This guide documents common patterns for extending the SqlScriptDOM parser grammar to support new syntax or enhance existing functionality.

## Pattern 1: Extending Literals to Expressions

### When to Use
When existing grammar rules only accept literal values but need to support dynamic expressions like parameters, variables, or computed values.

### Example Problem
Functions or constructs that currently accept only:
- `IntegerLiteral` (e.g., `TOP_N = 10`)
- `StringLiteral` (e.g., `VALUE = 'literal'`)

But need to support:
- Parameters: `@parameter`
- Variables: `@variable`
- Column references: `table.column`
- Outer references: `outerref.column`
- Function calls: `FUNCTION(args)`
- Computed expressions: `value + 1`

### ⚠️ Critical Warning: Avoid Modifying Shared Grammar Rules

**DO NOT** modify existing shared grammar rules like `identifierColumnReferenceExpression` that are used throughout the codebase. This can cause unintended side effects and break other functionality.
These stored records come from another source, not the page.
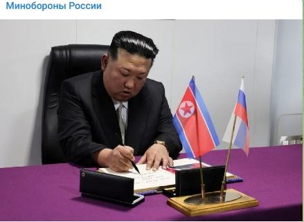 當(dāng)?shù)貢r間16日,金正恩在俄“沙波什尼科夫元帥”號護衛(wèi)艦貴賓簿上留言。圖片來源:俄國防部社交媒體截圖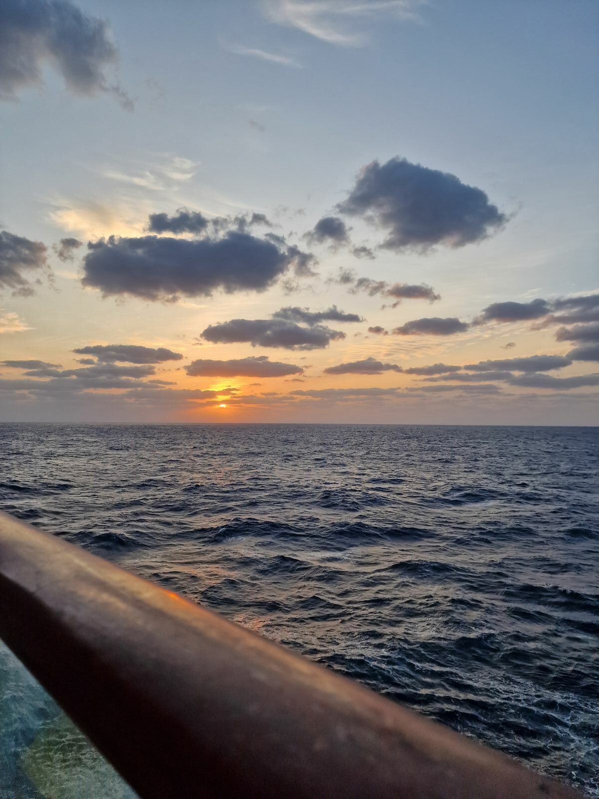Jetzt taucht die Sonne bald bei uns auf, ich sehe auf Deck 6 schon die Liegestühle und die Fusshocker in Sonnenposition.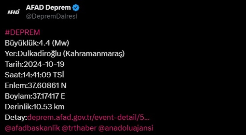 Afet ve Acil Durum Yönetimi Başkanlığı (AFAD), saat 14.41’de, Kahramanmaraş’ın Dulkadiroğlu ilçesinde 4.4 büyüklüğünde bir deprem meydana geldiğini bildirdi.

**Instead**, create specialized rules for your specific context.

### Solution Template

#### Step 1: Update AST Definition (`Ast.xml`)
```xml
<!-- Before: -->
<Member Name="PropertyName" Type="IntegerLiteral" Summary="Description" />

<!-- After: -->
<Member Name="PropertyName" Type="ScalarExpression" Summary="Description" />
```

#### Step 2: Create Context-Specific Grammar Rule (`TSql*.g`)
```antlr
// Create a specialized rule for your context
yourContextColumnReferenceExpression returns [ColumnReferenceExpression vResult = this.FragmentFactory.CreateFragment<ColumnReferenceExpression>()]
{
MultiPartIdentifier vMultiPartIdentifier;
}
:
vMultiPartIdentifier=multiPartIdentifier[2] // Allows table.column syntax
{
vResult.ColumnType = ColumnType.Regular;
vResult.MultiPartIdentifier = vMultiPartIdentifier;
}
;

// Use the specialized rule in your custom grammar
yourContextParameterRule returns [ScalarExpression vResult]
: vResult=signedInteger
| vResult=variable
| vResult=yourContextColumnReferenceExpression // Context-specific rule
;
```

#### Step 3: Verify Script Generator
Most script generators using `GenerateNameEqualsValue()` or similar methods work automatically with `ScalarExpression`. No changes typically needed.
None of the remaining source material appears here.